The willful ignorance embedded within the MAHA movement should not go unchallenged. The Commission charged to address key population health problems facing the country should call for strengthening rather than gutting public health infrastructure, essential research and data systems, health insurance and social welfare programs, public education, and other investments in the myriad social factors that matter for health from the prenatal period to old age. Furthermore, the people and institutions dedicated to the objective science of population health—including universities, think tanks, professional associations, foundations, and the National Academies of Science, Engineering, and Medicine—should play a strong and vocal role in ensuring that the MAHA Commission members listen to and follow the science where it is substantive and clear. Furthermore, they should be able to do so without fear of retaliation and retribution from the Trump administration.
Our bench strength regarding children’s health and chronic disease prevention and control is deep and unrivaled worldwide. Making Americans healthier requires building upon what is already known about the biological and social root causes of illness, the effective versus ineffective clinical and community-based prevention interventions and policies, and the importance of science unfettered by politics and ignorance. Clearly many population health problems exist, and numerous approaches have failed. However, as is always the case in public administration and budgeting, government effectiveness and efficiency in addressing complex problems can be improved with careful planning and hard but informed choices without simply burning everything down.
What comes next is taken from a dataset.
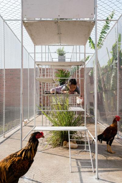 Κλείστε τα παιδιά στο κοτέτσι λένε οι υπεύθυνοι του αρχιτεκτονικού tudio Tropical Space στο Βιετνάμ. Το studio δημιούργησε ένα πολύπλοκο μέρος, που διαθέτει ένα δίκτυο από κουτιών, πλατφόρμες και σκαλοπάτια, τα οποία μπορούν να χρησιμοποιηθούν τόσο από κοτόπουλα όσο και από παιδιά!

The population health community is ready to rise to the call for a healthier America because this has always been the core motivation of our field. Allow us to assist by identifying and building upon the existing deep wisdom in the science and practice of child health and the prevention and control of chronic and infectious disease and injury. Let’s invest in rather than deeply cut the research, data surveillance, and government action that is necessary to identify root causes, key strategies for effective multi-level action, and progress towards important goals. Otherwise, there is no doubt that we will regress in core measures of population health and individual well-being. And if this happens, blood will literally be on the hands of President Trump, the HHS Secretary, and all those who go along with the willful ignorance of the basic and sound principles of public health protections and population health science.
Paula Lantz, PhD, MS, MA, is the James B. Hudak professor of health policy and a professor of public policy at the Ford School of Public Policy at the University of Michigan. She also holds an appointment as professor of health management and policy in the School of Public Health. Lantz teaches and conducts research regarding the role of social policy in improving population health and reducing health inequities. She currently is conducting research regarding housing policy and health, including opportunities within the Medicaid program for assisting with housing security. An elected member of the National Academy of Social Insurance and the National Academy of Medicine, Lantz received an MA in sociology from Washington University, St. Louis, and an MS in epidemiology and PhD in social demography from the University of Wisconsin.